Chris works in economic development by day, but spends most of his nights thinking about baseball. He writes for Pinstripe Pundits, FanGraphs and The Hardball Times. He's also on the twitter machine: @_chris_mitchell None of the views expressed in his articles reflect those of his daytime employer.
I would of added Rob Refsynder in this mix, hes having a heck of season in AA/AAA
actually he doesnt really apply to this article now that Ive read it thoroughly, nevermind
I covered Refsnyder in the AA and AAA articles. He graded out very well: 86% for his time in AA and 94% in AAA.
thats better then I thought, either way great piece. The eye test for scouts nowadays is hit or miss
Agreed. Scouts can obviously add some insight, but I feel like statistical analysis of minor league players is really lacking, especially compared to all that’s out there for MLB players.
I’m curious, Chris.

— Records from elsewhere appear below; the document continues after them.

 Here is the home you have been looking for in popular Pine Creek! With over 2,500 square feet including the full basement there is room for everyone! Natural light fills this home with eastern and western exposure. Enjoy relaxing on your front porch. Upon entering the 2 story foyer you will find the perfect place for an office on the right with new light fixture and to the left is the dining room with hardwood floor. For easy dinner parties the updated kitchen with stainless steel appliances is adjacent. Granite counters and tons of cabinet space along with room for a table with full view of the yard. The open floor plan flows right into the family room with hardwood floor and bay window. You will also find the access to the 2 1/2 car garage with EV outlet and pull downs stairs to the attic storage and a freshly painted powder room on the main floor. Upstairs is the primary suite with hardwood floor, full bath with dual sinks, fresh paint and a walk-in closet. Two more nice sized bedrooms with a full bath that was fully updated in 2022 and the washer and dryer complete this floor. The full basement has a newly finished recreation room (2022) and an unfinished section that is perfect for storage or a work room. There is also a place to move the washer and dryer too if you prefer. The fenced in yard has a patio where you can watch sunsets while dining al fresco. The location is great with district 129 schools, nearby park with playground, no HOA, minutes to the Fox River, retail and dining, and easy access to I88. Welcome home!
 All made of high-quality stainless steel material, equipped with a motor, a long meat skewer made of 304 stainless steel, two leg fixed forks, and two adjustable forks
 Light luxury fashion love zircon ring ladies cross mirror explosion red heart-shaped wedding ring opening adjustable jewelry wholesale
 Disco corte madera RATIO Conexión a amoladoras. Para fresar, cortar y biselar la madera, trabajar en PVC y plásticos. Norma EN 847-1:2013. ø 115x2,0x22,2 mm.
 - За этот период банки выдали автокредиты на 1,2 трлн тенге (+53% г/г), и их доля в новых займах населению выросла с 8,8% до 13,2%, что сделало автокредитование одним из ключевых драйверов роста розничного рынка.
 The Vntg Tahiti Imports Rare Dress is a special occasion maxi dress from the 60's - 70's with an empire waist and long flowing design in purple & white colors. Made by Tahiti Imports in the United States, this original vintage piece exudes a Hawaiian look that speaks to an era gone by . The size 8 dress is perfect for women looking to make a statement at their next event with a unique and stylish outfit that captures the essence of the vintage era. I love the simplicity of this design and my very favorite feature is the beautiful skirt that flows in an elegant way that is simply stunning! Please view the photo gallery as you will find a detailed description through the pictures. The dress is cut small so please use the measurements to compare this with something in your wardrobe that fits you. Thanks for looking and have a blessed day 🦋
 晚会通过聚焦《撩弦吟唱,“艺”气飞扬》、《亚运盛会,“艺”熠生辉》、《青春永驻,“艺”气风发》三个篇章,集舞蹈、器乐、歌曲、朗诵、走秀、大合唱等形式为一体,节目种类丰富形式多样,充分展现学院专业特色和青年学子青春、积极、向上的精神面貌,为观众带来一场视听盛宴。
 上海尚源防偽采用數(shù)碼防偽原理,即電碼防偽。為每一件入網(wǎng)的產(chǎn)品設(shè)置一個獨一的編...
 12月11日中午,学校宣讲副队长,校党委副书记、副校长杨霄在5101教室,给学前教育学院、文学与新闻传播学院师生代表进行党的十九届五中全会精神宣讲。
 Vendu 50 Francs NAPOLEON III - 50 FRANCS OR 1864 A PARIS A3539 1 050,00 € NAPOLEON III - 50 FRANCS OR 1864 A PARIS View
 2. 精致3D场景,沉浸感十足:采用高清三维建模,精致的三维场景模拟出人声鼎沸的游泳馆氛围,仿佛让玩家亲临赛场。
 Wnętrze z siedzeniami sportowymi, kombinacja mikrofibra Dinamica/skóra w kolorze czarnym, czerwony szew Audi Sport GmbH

Did you run any comparable tests that exclude the Baseball America rankings to gauge whether they were adding anything beyond what you could get with the stats alone? I’m unsure of the mechanics of what you’re doing, so if that’s something that’s inherent within what you’re doing, i guess just disregard. From what little I can make out of what you’re doing, it seems maybe your regression analysis accounts for that.
Would comparing players both on and off the list with or without their BA100 ranking included tell us anything different? I’m speaking of course of the higher levels where the BA100 ranking seems to have some predictive power.
I did test both with and without the BA 100 ranking included. The stats alone do a good job of predicting a player’s MLB probability, but factoring in the player’s prospect status makes the model a little more accurate.
Did yo run a multiple regression? y=MLB appearance, y=f(SO rate, Walk Rate, etc.) and if so, what was the r-squared?